[Exercise details]:
Take the data below and copy exactly the lines starting at the one with "Au feu! Avec" and finishing at the one with "Солнцезащитные очки с", both included.

[Supplied entries]:
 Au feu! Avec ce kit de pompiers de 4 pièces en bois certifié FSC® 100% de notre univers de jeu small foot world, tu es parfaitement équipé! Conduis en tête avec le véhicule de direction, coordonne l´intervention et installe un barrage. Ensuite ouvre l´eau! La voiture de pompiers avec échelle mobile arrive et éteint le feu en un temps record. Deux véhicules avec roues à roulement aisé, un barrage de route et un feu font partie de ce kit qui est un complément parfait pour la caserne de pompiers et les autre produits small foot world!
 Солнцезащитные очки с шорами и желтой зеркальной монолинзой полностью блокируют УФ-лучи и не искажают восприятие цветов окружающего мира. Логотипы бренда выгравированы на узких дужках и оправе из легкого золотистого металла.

---

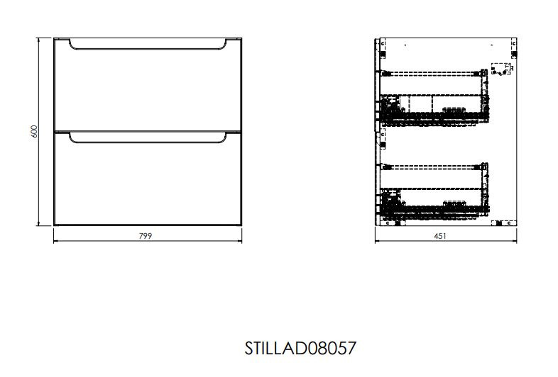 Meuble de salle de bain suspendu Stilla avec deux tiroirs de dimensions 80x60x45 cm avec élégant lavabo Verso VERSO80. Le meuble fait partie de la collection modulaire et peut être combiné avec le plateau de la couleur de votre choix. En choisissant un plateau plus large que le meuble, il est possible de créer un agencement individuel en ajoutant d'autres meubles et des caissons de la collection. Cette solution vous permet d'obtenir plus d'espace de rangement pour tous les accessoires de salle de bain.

==

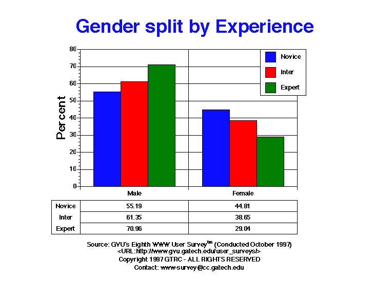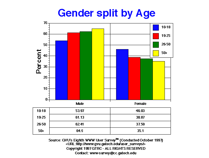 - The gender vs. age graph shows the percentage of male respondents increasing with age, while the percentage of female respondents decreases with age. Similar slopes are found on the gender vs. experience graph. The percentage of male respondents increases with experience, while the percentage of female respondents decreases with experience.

[Exercise output]:
 Au feu! Avec ce kit de pompiers de 4 pièces en bois certifié FSC® 100% de notre univers de jeu small foot world, tu es parfaitement équipé! Conduis en tête avec le véhicule de direction, coordonne l´intervention et installe un barrage. Ensuite ouvre l´eau! La voiture de pompiers avec échelle mobile arrive et éteint le feu en un temps record. Deux véhicules avec roues à roulement aisé, un barrage de route et un feu font partie de ce kit qui est un complément parfait pour la caserne de pompiers et les autre produits small foot world!
 Солнцезащитные очки с шорами и желтой зеркальной монолинзой полностью блокируют УФ-лучи и не искажают восприятие цветов окружающего мира. Логотипы бренда выгравированы на узких дужках и оправе из легкого золотистого металла.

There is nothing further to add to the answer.